More or less, this is where all the difficulty is in studying random graphs. Even though the edges are independent – whether one pair turns out to be an edge doesn’t affect another, because one coin toss doesn’t affect another – the properties we want to know about tend to involve playing a lot of little games, each one of which we will easily win but which do depend on each other in some complicated way. It’s hard to figure out if we’re likely to win the big game by winning all the little ones.

We want to know about properties for which you have to look at the whole random graph (or at least most of it), like ‘being connected’. If you only look at part of the random graph, you don’t know whether it’s connected. The other extreme is asking a question like ‘Are there four vertices with all six possible edges present?’ – if the answer is yes, I can convince you just by showing you the right four vertices. Usually we can answer questions of this type quite well.

Another example is that we might want to know whether a travelling salesman can go round all the vertices of the graph, following edges, until they return to their start without ever having to revisit vertices on their way – this is called a Hamilton cycle.

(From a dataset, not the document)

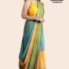 Step into timeless elegance with our Vibrant Saree Collection. This multi-colored traditional saree, featuring shades of green, blue, and mustard yellow, is crafted from a light, flowy fabric that drapes gracefully. Paired with a sleeveless bright yellow blouse, this ensemble radiates sophistication and charm. Complete your look with our ornate silver earrings and bracelet, adding a touch of tradition. Perfect for any occasion, embrace the beauty of traditional saree styles today. Enhance your wardrobe with this elegant saree and shop now!

Again, it’s not too hard to show that in G(n,1/2) the answer is yes; again, if we have less edges – if we look at G(n,p) for some small p – it obviously gets less likely. As with connectivity, obviously we need every vertex to be in at least two edges for this (otherwise the salesman goes in to a vertex that’s in only one edge and can’t go out again), and it turns out that if p is large enough that with probability 99.5% every vertex is in at least two edges, then with probability at least 99% we will have the Hamilton cycle.

From the examples above, it sounds like we know a lot about how big p should be in order that we are confident that a specific structure shows up in G(n,p), like a Hamilton cycle. Actually, that’s not the case; for a lot of structures, not much more complicated than a Hamilton cycle, we don’t really know. We spent quite a bit of time working on a particular class of structures, ‘bounded degree graphs’, where we think we know what the answer could be. Some of the participants brought partial answers to the workshop, and putting them together it looks possible that a solution will come out.

What if the Highways Agency try to obstruct the travelling salesman by doing roadworks to cut him off? If they dig up too many roads leaving one town, the residents will complain to their MP – so the agency won’t do this. Can they still block the salesman? This sort of question is called a resilience problem. We know only a couple of techniques to work on this kind of problem, and a lot of the time they don’t work. We tried one of the simplest problems where the known techniques don’t seem to work, ‘tight Hamilton cycles in hypergraphs’. Some progress was made, but we did not yet get to a solution.

What about atypical random graphs? We expect about n^2/4 edges to show up in G(n,1/2); if there are many less, or many more, than that, then something weird happened. What does the result look like, and how likely is the weird event? In this case, the result looks like you accidentally used a biased coin: it looks like G(n,p) for some p not equal to 1/2, and we can calculate the chance of that happening easily. What about if we counted triangles instead? In this case, if there are too few triangles again G(n,1/2) probably looks like a typical G(n,p) for some p<1/2. If there are too many triangles, though, something else can happen: probably there are too many triangles because a little set of vertices gets far more edges than we expect, while the rest of G(n,1/2) still looks like a typical G(n,1/2). We don’t understand this sort of problem very well in general. Simon Griffiths and Yufei Zhao both talked about these problems, and two groups worked on different aspects. One group got results on their problem, the other made progress but still pieces are missing.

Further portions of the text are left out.